Overview
- BIE-class: Unrecognized exposition
- Name: Chilean International Exhibition
- Building(s): Chilean National Museum of Natural History
- Organized by: National Agricultural Society

Participant(s)
- Countries: 20

Location
- Country: Chile
- City: Santiago
- Venue: Quinta Normal Park
- Coordinates: 33°26′32″S 70°40′55″W﻿ / ﻿33.44217°S 70.68184°W

Timeline
- Opening: 16 September 1875
- Closure: 16 January 1876

= Chilean International Exhibition =

1875–1876 world's fair in Santiago, Chile

The Chilean International Exhibition was a world's fair held in Quinta Normal Park, Santiago, between 16 September 1875 and 16 January 1876 to show Chilean people recent technological and scientific advances.

==Organisation==
The event was organised by the National Agricultural Society, opened by the president Federico Errázuriz Zañartu, and originally scheduled to run until 31 December 1875, but it was extended to 16 January 1876.
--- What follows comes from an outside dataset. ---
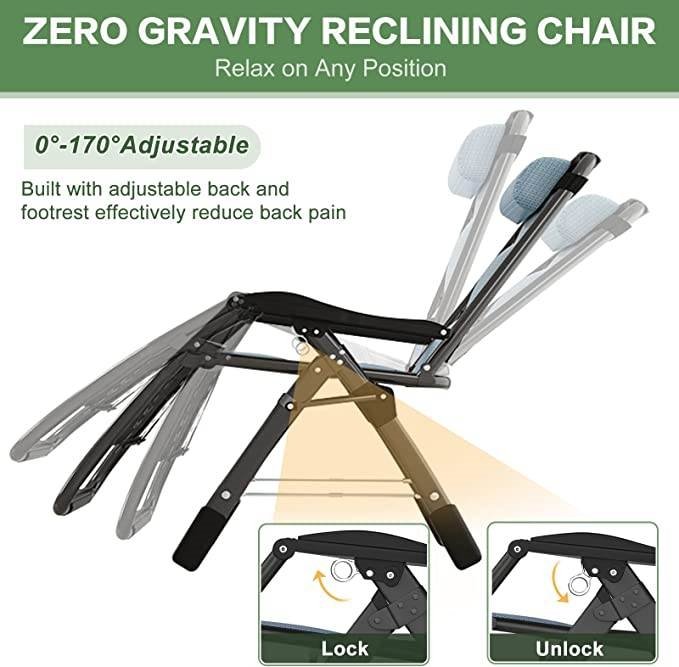 Get summer ready with this Fully Assembled Padded Folding Zero Gravity Patio Recliner w/ Cup Holder. This outdoor recliner has an adjustable design that can be adjusted from 90º to 170º effortlessly. This practical feature helps you select the optimal angle that brings you to a comfortable, relaxing position. Simply push the clip to unlock the position, and pull the clip back to secure it at your desired position. With cutton pad -- The soft cushion adds extra comfort, suit for cold days or air condition room; Without padding -- Suitable for summer time. You can remove the soft cushion from outdoor patio reclining chair to promote better airflow during hot summer days. This folding lawn chair can be fold and unfold in seconds. The camping lounge chair is easy transportation and storage, you can easy to bring it by car. Perfect for indoor and outdoor, suitable for patio, lawn, garden, yard, balcony, poolside, beach and office.

==Location and buildings==
The fair took place on what is now the Quinta Normal Park with a central permanent palace, which is now the Chilean National Museum of Natural History). There were two long buildings, which formed the machinery gallery and the Rose Innes pavilion, housing threshing machines, a restaurant and a pavilion each for Belgium and France.

==Participants==
Foreign countries who participated were
Argentina,
Belgium,
Bolivia,
Brazil,
Colombia,
Ecuador,
El Salvador,
France,
Germany,
Great Britain,
Guatemala,
Italy,
Mexico,
Nicaragua,
Peru,
Switzerland,
The United States,
Uruguay
and
Venezuela.

==Exhibitors==
Exhibitors included the Chilean painter Onofre Jarpa who won a medal.